Lawyers for the family said the man who shot the video is assisting investigators. He has not been identified.

L Chris Stewart, a lawyer for Scott's family, said the video forced authorities to act quickly and decisively. "What if there was no video? What if there was no witness, or hero, as I call him, to come forward?" asked Stewart.

Civil rights leaders have called for calm, and many people praised the courage of the witness who filmed the killing and gave the video to the family of victim Walter Scott.

Lawyers acting for Mr Slager (33), have claimed that he feared for his life after Mr Scott took his stun gun during a scuffle.

However, in the footage it appears that Mr Scott was shot eight times in the back as he fled. The officer is then seen to approach Mr Scott who, by then is lying on the ground, and handcuffs him.

After that he walks back to the spot from which he first opened fire before returning and dropping an object next to Mr Scott.

The victim's family plans to file a lawsuit against Mr Slager, the department and the city alleging that his civil rights were violated, Mr Stewart said.

Meanwhile, the person who filmed the video is speaking with investigators and will come forward publicly "at some point".

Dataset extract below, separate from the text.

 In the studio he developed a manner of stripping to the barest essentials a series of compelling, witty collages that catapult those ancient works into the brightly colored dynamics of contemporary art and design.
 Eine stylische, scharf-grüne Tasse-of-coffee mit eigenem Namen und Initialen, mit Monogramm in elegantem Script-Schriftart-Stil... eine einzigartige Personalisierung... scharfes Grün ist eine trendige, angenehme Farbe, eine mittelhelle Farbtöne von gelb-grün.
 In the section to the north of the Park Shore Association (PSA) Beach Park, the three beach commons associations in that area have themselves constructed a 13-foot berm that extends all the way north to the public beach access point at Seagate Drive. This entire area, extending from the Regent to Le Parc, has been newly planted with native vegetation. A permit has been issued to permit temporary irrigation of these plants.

With the graphic footage, taken by a passer-by, gaining a huge following on social media, the incident is likely to reignite tensions caused by the latest in a series of high-profile incidents in which unarmed black Americans have been killed by white police officers over the past 12 months.

The controversial shooting of Michael Brown, a black teenager, in Ferguson, Missouri, last August, led to days of violence in the largely black suburb of St Louis. Other incidents included the death of Eric Garner, who died after being restrained by a police officer in Staten Island, New York, using an outlawed choke hold.

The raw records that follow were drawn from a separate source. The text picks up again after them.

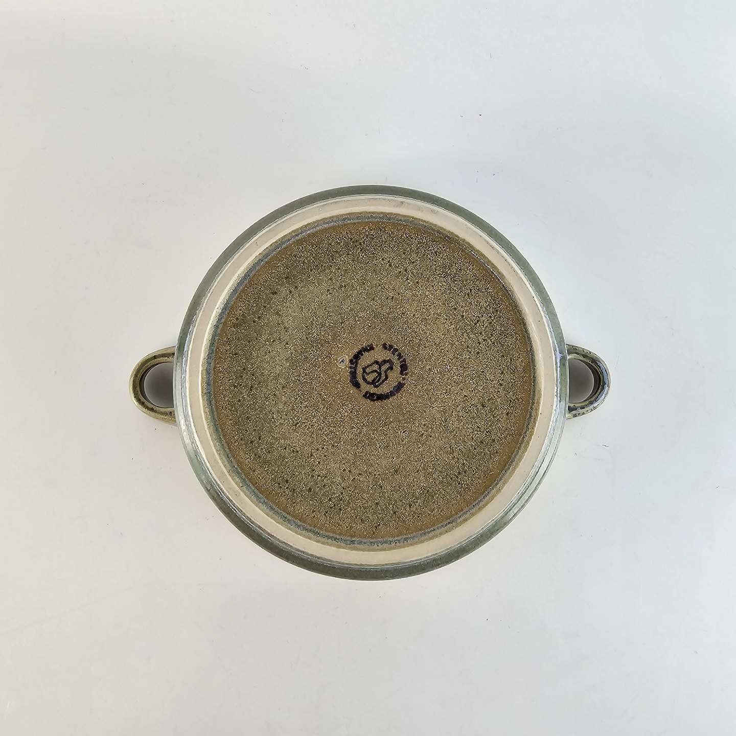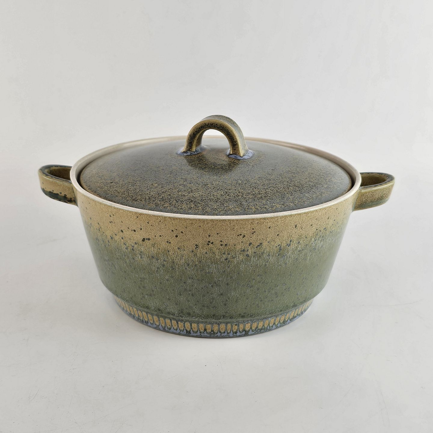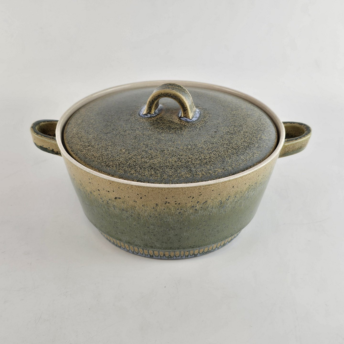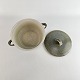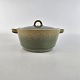 Skål med låg af stentøj og dekoreret med en grønlig nuancefarvet glasering.
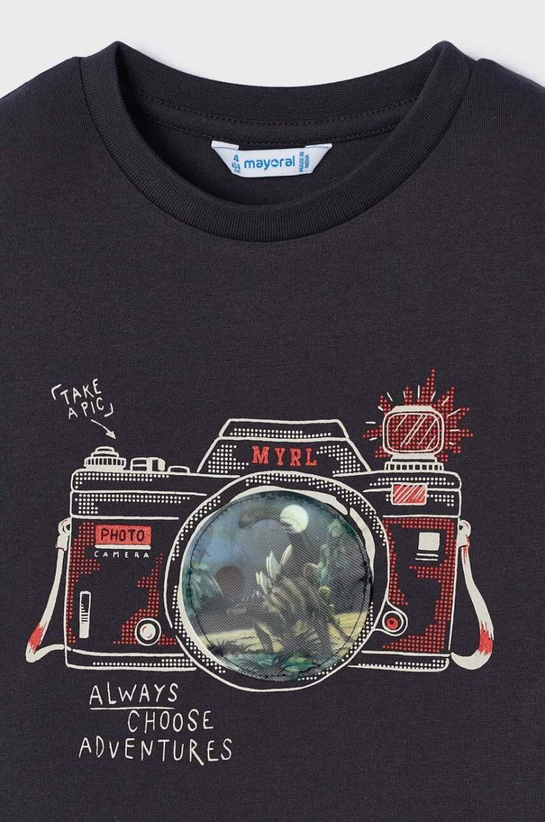 Дитяча бавовняна футболка Mayoral колір сірий з принтом (2936707)
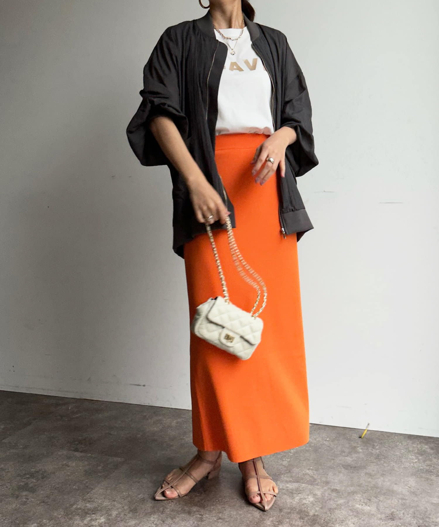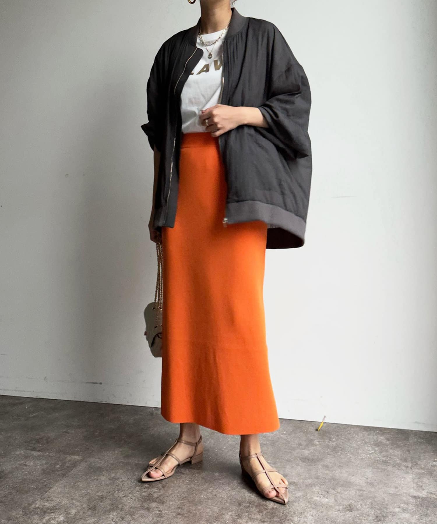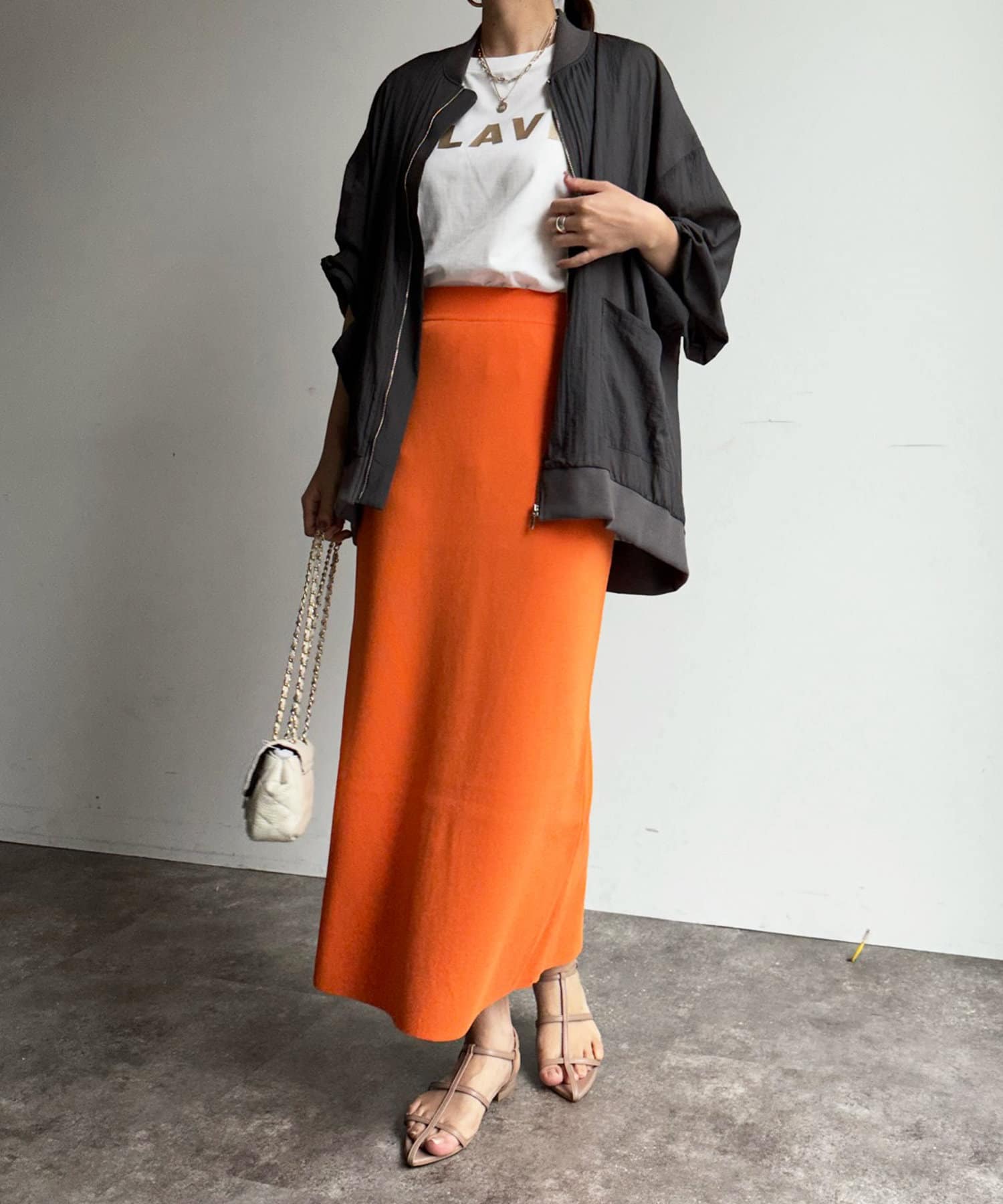一見カジュアルに見えるブルゾンですが、落ち着きのあるカラーリングと透けすぎない程よい透け感で、大人らしさを演出します。

The decision not to charge the officer responsible triggered outrage and another wave of protests. There has been mounting concern at the state of relations between the African-American community and police forces in a number of cities. It led to the White House setting up a task force to look at the issue with Eric Holder, the US Attorney General, being sent to cities across the country to try and defuse the crisis.

As in Ferguson, black Americans appear to be under-represented in the local police force in North Charleston, the third largest city in the state.

Blacks account for 47pc of residents, but only 20pc of the local force.

The decision to press charges against Officer Slager was announced by Keith Summey, North Charleston's mayor.

"When you're wrong, you're wrong," he said at a hastily arranged news conference. "And if you make a bad decision, don't care if you're behind the shield or just a citizen on the street, you have to live by that decision."

At the news conference, Chief Eddie Driggers, North Charleston's police chief, confirmed the suspect was shot as he was running away.

"I have been around this police department a long time and all the officers on this force, the men and women, are like my children," he said.